* _Provided material_
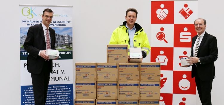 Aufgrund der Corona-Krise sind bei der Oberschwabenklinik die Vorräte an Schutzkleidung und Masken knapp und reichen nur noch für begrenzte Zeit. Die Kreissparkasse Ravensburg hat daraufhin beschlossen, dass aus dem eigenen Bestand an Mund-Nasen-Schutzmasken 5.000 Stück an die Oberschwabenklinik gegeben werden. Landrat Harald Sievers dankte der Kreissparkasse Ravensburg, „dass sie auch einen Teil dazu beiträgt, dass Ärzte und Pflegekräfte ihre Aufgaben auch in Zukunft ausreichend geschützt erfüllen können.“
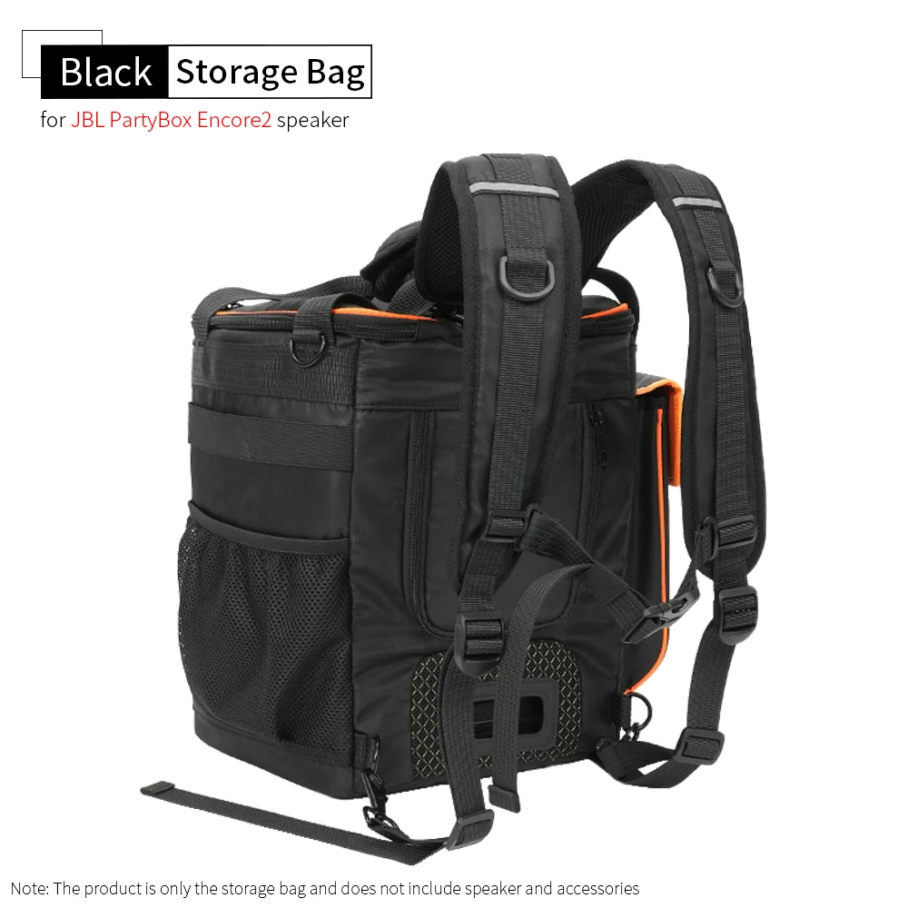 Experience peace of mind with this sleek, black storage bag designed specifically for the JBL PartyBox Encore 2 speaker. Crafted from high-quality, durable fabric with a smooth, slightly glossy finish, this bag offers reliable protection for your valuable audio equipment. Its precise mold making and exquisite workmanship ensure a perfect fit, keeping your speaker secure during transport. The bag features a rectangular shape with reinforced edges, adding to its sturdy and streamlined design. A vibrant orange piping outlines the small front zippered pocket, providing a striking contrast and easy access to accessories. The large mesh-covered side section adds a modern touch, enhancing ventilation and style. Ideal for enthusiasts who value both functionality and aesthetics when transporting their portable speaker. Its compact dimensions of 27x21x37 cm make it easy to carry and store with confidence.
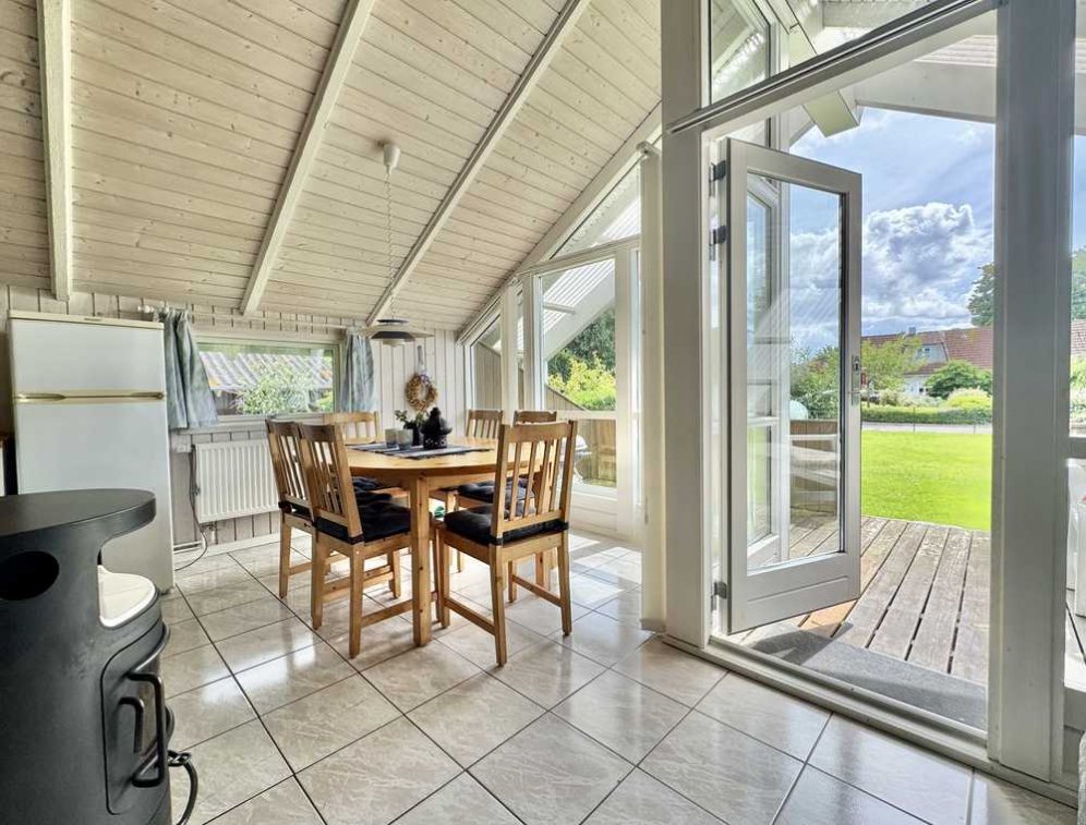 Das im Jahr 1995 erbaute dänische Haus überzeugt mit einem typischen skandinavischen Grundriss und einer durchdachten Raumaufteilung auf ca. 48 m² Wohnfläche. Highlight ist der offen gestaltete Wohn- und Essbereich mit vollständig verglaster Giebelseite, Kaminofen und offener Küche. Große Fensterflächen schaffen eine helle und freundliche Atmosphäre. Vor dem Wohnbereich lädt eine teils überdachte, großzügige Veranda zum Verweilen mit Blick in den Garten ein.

* _Try it_
All that is wanted is each line, word for word, from the first line of the data to the one holding "Experience peace of", with the pictures left out.

* _Written response_
 Aufgrund der Corona-Krise sind bei der Oberschwabenklinik die Vorräte an Schutzkleidung und Masken knapp und reichen nur noch für begrenzte Zeit. Die Kreissparkasse Ravensburg hat daraufhin beschlossen, dass aus dem eigenen Bestand an Mund-Nasen-Schutzmasken 5.000 Stück an die Oberschwabenklinik gegeben werden. Landrat Harald Sievers dankte der Kreissparkasse Ravensburg, „dass sie auch einen Teil dazu beiträgt, dass Ärzte und Pflegekräfte ihre Aufgaben auch in Zukunft ausreichend geschützt erfüllen können.“
 Experience peace of mind with this sleek, black storage bag designed specifically for the JBL PartyBox Encore 2 speaker. Crafted from high-quality, durable fabric with a smooth, slightly glossy finish, this bag offers reliable protection for your valuable audio equipment. Its precise mold making and exquisite workmanship ensure a perfect fit, keeping your speaker secure during transport. The bag features a rectangular shape with reinforced edges, adding to its sturdy and streamlined design. A vibrant orange piping outlines the small front zippered pocket, providing a striking contrast and easy access to accessories. The large mesh-covered side section adds a modern touch, enhancing ventilation and style. Ideal for enthusiasts who value both functionality and aesthetics when transporting their portable speaker. Its compact dimensions of 27x21x37 cm make it easy to carry and store with confidence.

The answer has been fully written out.